As with Without Feathers, even as The Stills are engaged in a game of let’s try it and see what sticks, they’re still capable of nailing a couple killer singles per album. On the big alt-rock anthem, “Being Here,” they take the simple route with clear guitar lines, precise harmonies, and a big emotional chorus. Done before? Sure, but when done well, a song like “Being Here,” can still arouse the ears to attention. While on “I’m With You,” they go the Eighties route, and score a tune which could have accompanied the closing credits to any one of John Hughes’ geek meets girl, or geek meets guy romantic comedies.
Yet, for every triumph like “Dinosaurs,” and its proggy keyboards, and guitar hero solos, and “Rooibos/Palm Wine Drunkard” where hints of their former selves are fused with a driving, rock-a-billy and garage rock riff, there’s the accompanying dose of bland rock from the likes of “Eastern Europe” and “Snows in California.” Furthermore, just as you think The Stills are sorting themselves out, they go and break one of Rock ‘N’ Roll’s oldest rules: Don’t f*ck with a good groove. Not only do they break this rule on “Everything I Build,” where a wonderfully hypnotic groove is dynomited with an awkward bridge, they do it a second time on “Panic.”

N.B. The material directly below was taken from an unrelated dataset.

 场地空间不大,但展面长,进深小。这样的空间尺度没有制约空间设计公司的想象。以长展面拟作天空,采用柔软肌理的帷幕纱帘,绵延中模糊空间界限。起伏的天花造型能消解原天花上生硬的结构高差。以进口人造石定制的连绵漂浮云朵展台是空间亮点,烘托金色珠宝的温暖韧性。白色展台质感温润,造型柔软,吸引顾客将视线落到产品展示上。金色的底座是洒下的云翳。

Had Oceans Will Rise been whittled down to an EP, the discussion would have been centered on how The Stills managed to find a second career after hinging their initial success on the mope rock wagon. Unfortunately, Oceans Will Rise is an album, and as such, is rankled with filler, bad ideas, and broken grooves. So, what now? How ’bout that EP.
MP3: The Stills – Being Here
MP3: The Stills – Rooibos/Palm Wine Drinkard
Oceans Will Rise by The Stills: 5 out of 10 on The Rockometer
Jaguar Love
Take Me to the Sea
Matador
Formed after the dissolution of The Blood Brothers and Pretty Girls Make Graves by Johnny Whitney, Cody Votolato, and J Clark, Jaguar Love may be less herky-jerky than the Blood Brothers and their signature brand of short-attention span, time bomb and a ticking clock, progressive punk, but they’re still far less linear than your average guitar band.

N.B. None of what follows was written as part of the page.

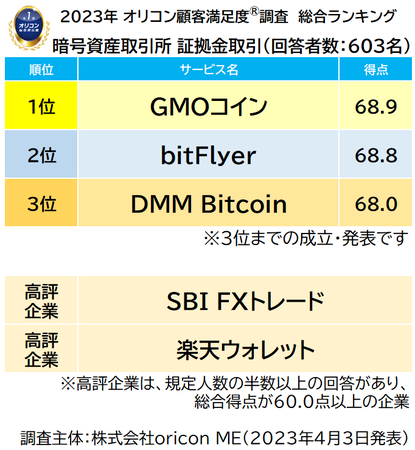《調査概要》 2023年 オリコン顧客満足度(R)調査 暗号資産取引所 証拠金取引 ランキング

During their time, The Blood Brothers racked up plenty of plaudits, while leaving many others confounded. For not only was their music far from easy listening, there was also the matter of Whitney’s distinctive vocals — helium high, fast, and with little regard to traditional melody and phrasing, they could make or break the band for many listeners within one rabidly spit line.

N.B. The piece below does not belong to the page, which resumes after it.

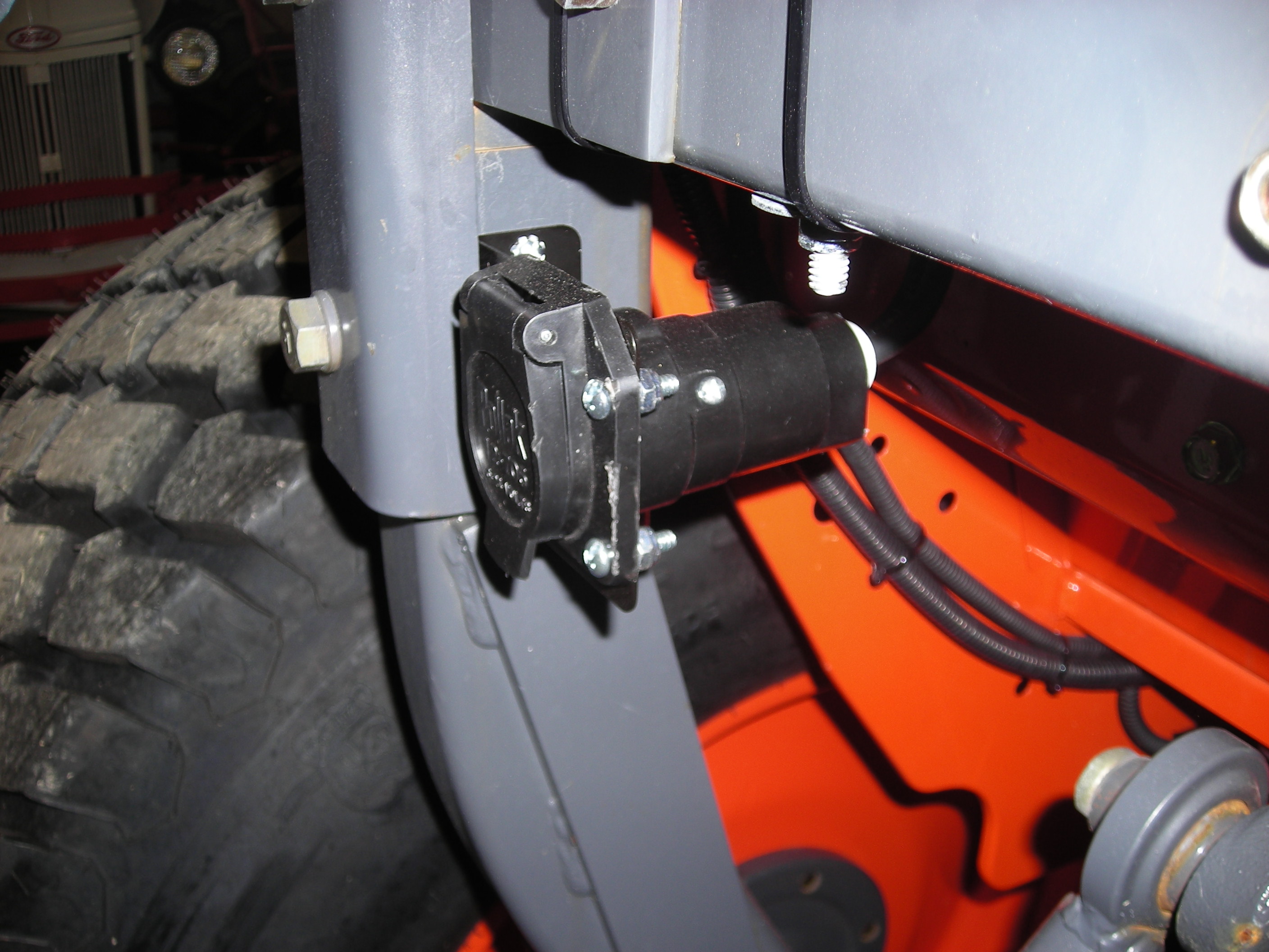 Has anyone ever installed a trailer plug on there bx24. I'm thinking of adding one but not sure if I should go with a 4 pin flat or a 7 pin. I would use it when I'm pulling my 2 trailers, also if I go with 7 pin I couild use it to power some rear mounted atachments. If anyone installed one on the nx where did you mount it?

While the band may have changed, and become a bit less abrasive, Whitney hasn’t. You’ll know whether you want to hear song two well before Take Me to the Sea’s side one track one, “Highways of Gold,” has finished. If you can’t acquire some level of comfort with Whitney’s delivery, it’ll grate on you like the wheeze of the broken vacuum cleaner your mate decided to run during the fourth quarter of the big game. You never forgave them, although you said you did, and you may never be able to sit through an entire album by The Blood Brothers, Jaguar Love, or whichever band Whitney decides to join in the future.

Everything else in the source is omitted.